Launching a web application
Besides the mentioned MapReduce scenarios, Cloudgene can also be used to host a user defined web application on a public cloud. We demonstrated this on HaploGrep, a tool to determine mitochondrial DNA haplogroups from mtDNA profiles. Especially for large input data, HaploGrep requires a lot of main memory, thereby making a public cloud node with sufficient main memory an adequate choice. For this purpose a simple shell script was integrated into the setup process to start the HaploGrep web server. This shell script can be defined in the manifest file of Cloudgene-Cluster and is executed automatically on each cluster node.
Although MapReduce enabled a scalable way to process and analyze data, the execution of programs and the overall setup of cluster architectures still includes non-trivial tasks and hampers the spread of MapReduce programs in Bioinformatics. We therefore developed and implemented Cloudgene, which provides scientists a graphical execution platform and a standardized way to manage large-scale bioinformatic projects.
Strengths and limitations
The usage of Cloudgene has several strengths: (1) Programs can be executed via one centralized platform, thereby standardizing the import/export of data, the execution and monitoring of MapReduce jobs and the reproducibility of programs or new defined program pipelines; (2) scientists can decide flexibly in which environment (public or private cluster) a program should be executed depending on the case scenario to guarantee an appropriate level of data security and to reduce data transfer times; (3) an Amazon EC2 cluster can be launched via the Cloudgene web interface, thus simplifying the overall setup and making Cloudgene available in a public cloud; (4) new MapReduce programs can be integrated by using Cloudgene’s plug-in interface without changing the program code at all.

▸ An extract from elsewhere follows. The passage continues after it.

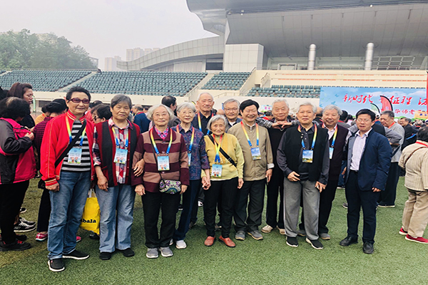 在简短的开幕式后,文学院的老教授、离休干部们欢聚操场,喜悦地攀谈。现场一片欢声笑语,气氛热烈活跃。志愿者为老人们拍照留念,定格下他们欢乐的瞬间。
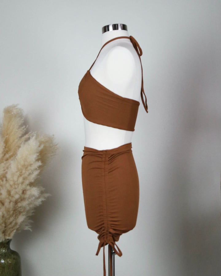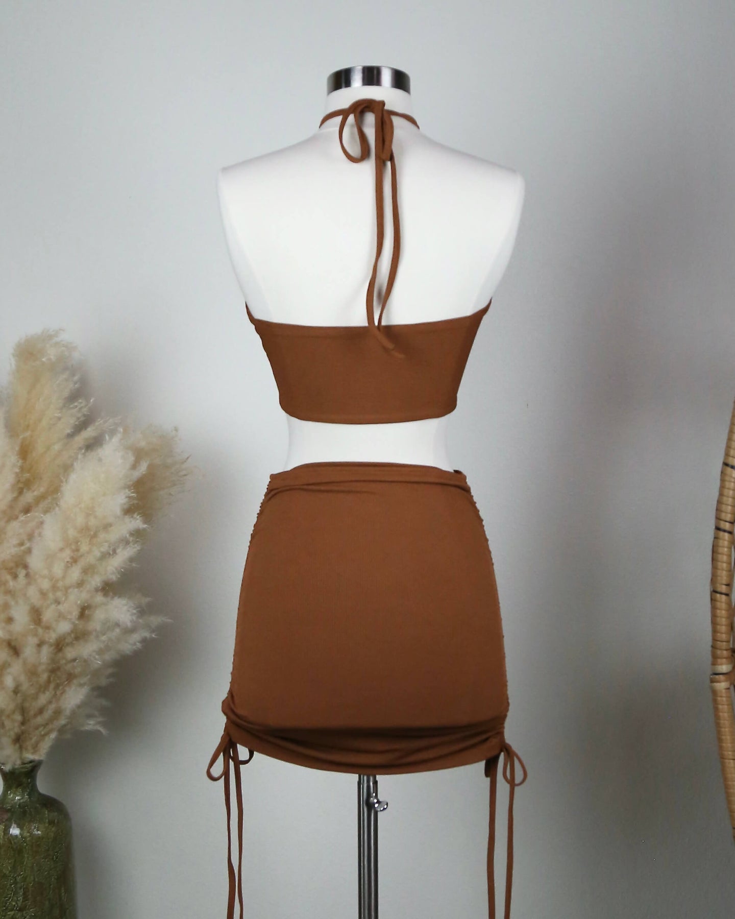 Super cute set that offers ton of stretch. This set features a ribbed fabrication, a halter neckline, and side ruched skirt. Unlined but opaque.

However, Cloudgene has limitations as well: (1) since the main focus of our approach lies on a simplified execution of MapReduce jobs, programs using other paradigms (e.g. MPI or iterative processing) are currently not supported; (2) Cloudgene allows the concatenation of jobs to simple pipelines with the limitation that pipelines have to be executed from start to end and currently does not allow the execution of specific pipeline steps automatically (e.g. restart at step 3); (3) since the amount of included cluster nodes must be set at start, the launched cluster architectures are currently static and are not changeable during runtime.
Comparison with similar software packages
To date, several approaches exist to improve the usability of currently available bioinformatic solutions. Systems such as Galaxy[14, 15], GenePattern, Ergatis, Mobyle and Taverna[19, 20] try to facilitate the creation, execution and maintainability of workflows in a fast and user-friendly way. In contrast to these existing workflow platforms, Cloudgene’s primary focus lies on the usability of MapReduce jobs in public and private clouds for bioinformatic applications.
Galaxy CloudMan is a similar approach to Cloudgene-Cluster and supports users to set up cloud clusters using Amazon EC2. It works in combination with Bio-Linux (http://nebc.nerc.ac.uk/tools/bio-linux) and configures at start up the Oracle Grid Engine as well as Galaxy. Unfortunately, CloudMan does not support MapReduce by default and therefore a graphical execution and monitoring of jobs is not possible.
Another mentionable and useful system is Amazon Elastic MapReduce (EMR), which provides the opportunity to create job-flows including custom jars, streaming or Hive/Pig programs. Since everything is located on Amazon directly, a highly optimized version of Hadoop MapReduce in combination with Amazon S3 is provided and can be executed by a comprehensive user interface. Nevertheless, Amazon Elastic MapReduce can only be used in combination with Amazon EC2, sometimes preventing research institutes from using it due to data security rules or the enormous amount of data to transfer3 from their own institutional cloud. In contrast, Cloudgene allows launching MapReduce jobs both on public or private clouds, thereby enabling the user to define the location of data. Since Cloudgene does not utilize EMR for its job execution, additionally financial costs for EMR can be saved. Table2 summarizes the comparison of Cloudgene and EMR and shows that Cloudgene is competitive regarding cluster set-up, job execution and data transfer.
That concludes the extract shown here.